◆ DATASET RECORDS ◆
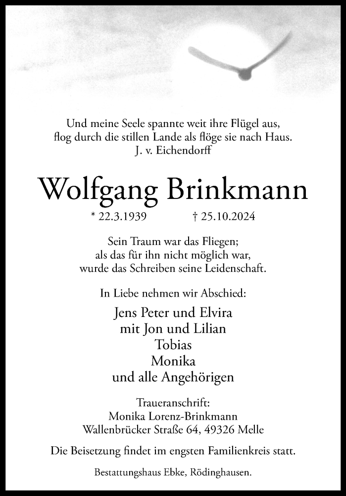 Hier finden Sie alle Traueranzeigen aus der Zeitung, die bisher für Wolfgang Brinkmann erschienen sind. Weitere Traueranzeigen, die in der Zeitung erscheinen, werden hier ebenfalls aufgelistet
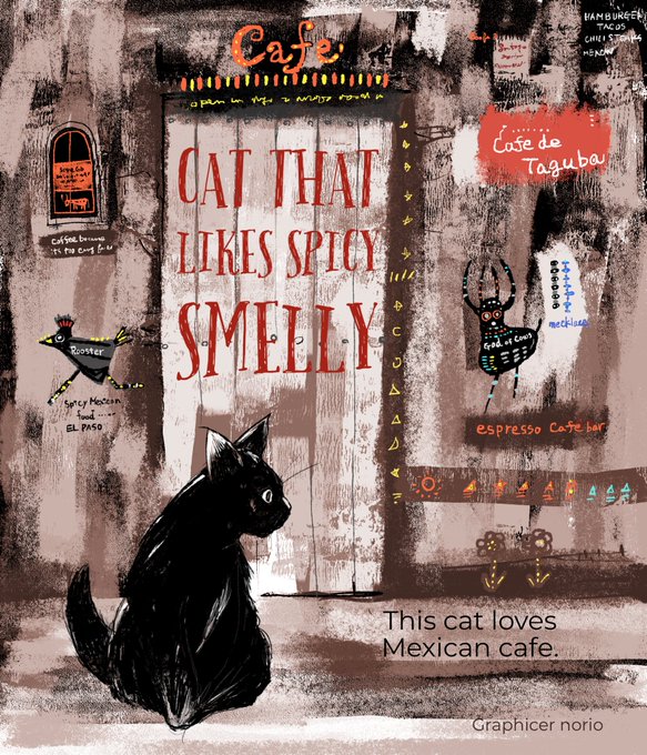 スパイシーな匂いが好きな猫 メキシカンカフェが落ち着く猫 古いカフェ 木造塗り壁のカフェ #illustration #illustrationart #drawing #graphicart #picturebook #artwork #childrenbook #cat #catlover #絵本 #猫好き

---

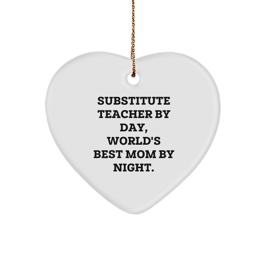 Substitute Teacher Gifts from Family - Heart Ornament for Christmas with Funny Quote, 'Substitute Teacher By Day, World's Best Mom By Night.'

◆ WHAT YOU ARE ASKED TO DO ◆
Repeat only the stretch of data above that runs from the line with "Hier finden Sie" to the line with "スパイシーな匂いが好きな猫 メキシカンカフェが落ち着く猫 古いカフェ". Keep both end lines; exclude pictures.

◆ SOLUTION TO THIS PROBLEM ◆
 Hier finden Sie alle Traueranzeigen aus der Zeitung, die bisher für Wolfgang Brinkmann erschienen sind. Weitere Traueranzeigen, die in der Zeitung erscheinen, werden hier ebenfalls aufgelistet
 スパイシーな匂いが好きな猫 メキシカンカフェが落ち着く猫 古いカフェ 木造塗り壁のカフェ #illustration #illustrationart #drawing #graphicart #picturebook #artwork #childrenbook #cat #catlover #絵本 #猫好き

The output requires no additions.